I especially loved all the stories of “miracles” in which a special few were spared.
Does that mean all the rest were “anti-miracles”?
In times of loss and suffering, such as this, people seek meaning in the roots of their faith. Maybe now is a good time to rise above some of the sectarianism:
Upon hearing that anyone has lost his or her life, Muslims recite the short statement, “from Almighty God we come and to Him is our return.”
Catholic Christians pray, “Eternal rest grant to them, O Lord, and let perpetual light shine upon them. May the souls of the faithful departed, through the mercy of God, rest in peace. Amen.”
Jews and Christians know from Ecclesiastes 12.7 “The dust returns to the earth as it was, and the spirit returns to God who gave it.”

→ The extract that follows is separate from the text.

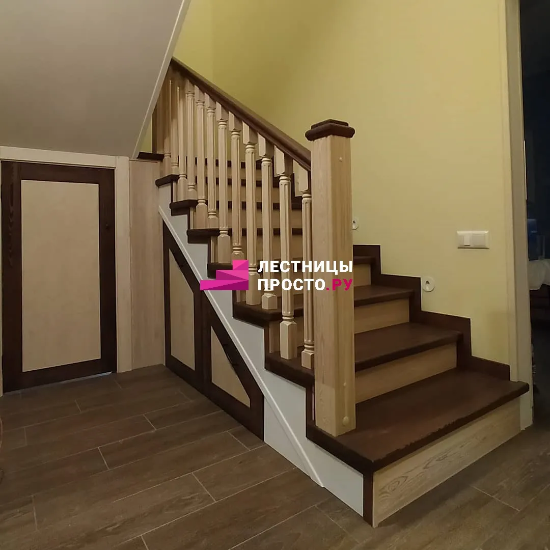 Подступенники, фальш-косоуры и сапожки (пристенной плинтус) выполнены из МДФ.

Hinduism says, “As a man passes from dream to wakefulness, so does he pass at death from this life to the next.” (Brihadaranyaka Upanishad 4.3.11-14, 35).
Buddhists have peace in the knowledge that “Man’s real nature is primarily spiritual life, which weaves its threads of mind to build a cocoon of flesh, encloses its own soul in the cocoon….Just as the silkworm will break out of its cocoon and fly free, so too, will man break out of his body-cocoon and ascend to the spiritual world when his time is come. Never think that the death of the physical body is the death of man. Since man is life, he will never know death. (Seicho-no-ie. Nectarean Shower of Holy Doctrines.)
Let us pray in the tradition of our faiths — together — as God’s family, to assist those transitioning to the spiritual realms and those dealing with the traumas of lives forever changed. And let us move forward together as one family.